Lines from the one containing "8日、「新時代・新征途におけ" through the last line of the records below need to be repeated exactly; nothing else, and no pictures.

--

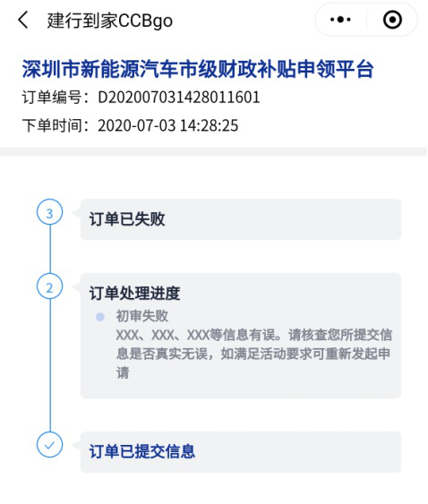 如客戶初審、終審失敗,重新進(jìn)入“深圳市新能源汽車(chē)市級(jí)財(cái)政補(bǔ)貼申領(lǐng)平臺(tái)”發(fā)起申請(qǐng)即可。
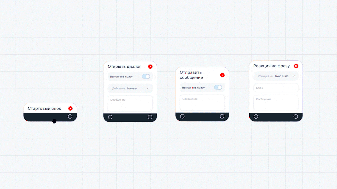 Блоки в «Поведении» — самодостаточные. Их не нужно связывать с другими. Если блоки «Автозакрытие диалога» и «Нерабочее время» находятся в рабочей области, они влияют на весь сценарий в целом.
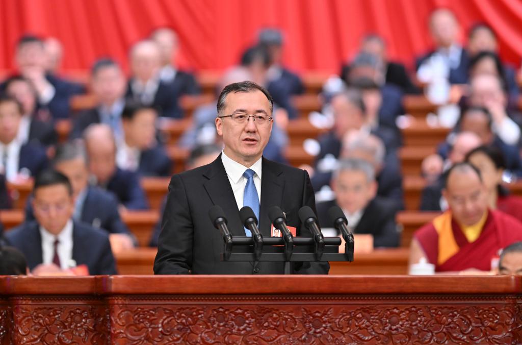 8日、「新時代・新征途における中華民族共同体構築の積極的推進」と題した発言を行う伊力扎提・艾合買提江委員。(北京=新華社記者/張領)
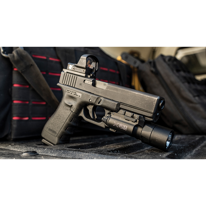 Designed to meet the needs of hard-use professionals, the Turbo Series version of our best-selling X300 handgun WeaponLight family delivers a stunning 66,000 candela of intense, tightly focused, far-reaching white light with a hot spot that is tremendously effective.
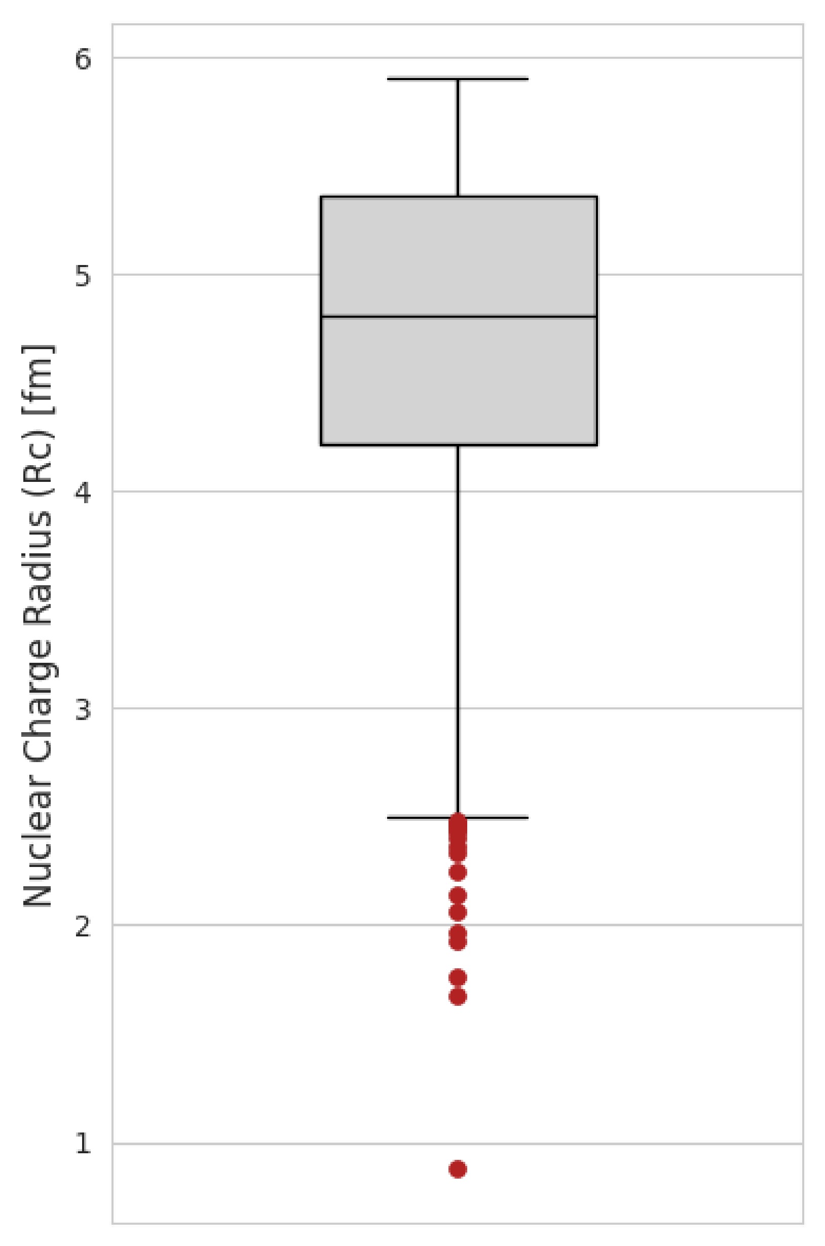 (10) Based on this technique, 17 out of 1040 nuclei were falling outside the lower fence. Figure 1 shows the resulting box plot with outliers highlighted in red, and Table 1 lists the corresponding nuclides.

--

**Result:**
 8日、「新時代・新征途における中華民族共同体構築の積極的推進」と題した発言を行う伊力扎提・艾合買提江委員。(北京=新華社記者/張領)
 Designed to meet the needs of hard-use professionals, the Turbo Series version of our best-selling X300 handgun WeaponLight family delivers a stunning 66,000 candela of intense, tightly focused, far-reaching white light with a hot spot that is tremendously effective.
 (10) Based on this technique, 17 out of 1040 nuclei were falling outside the lower fence. Figure 1 shows the resulting box plot with outliers highlighted in red, and Table 1 lists the corresponding nuclides.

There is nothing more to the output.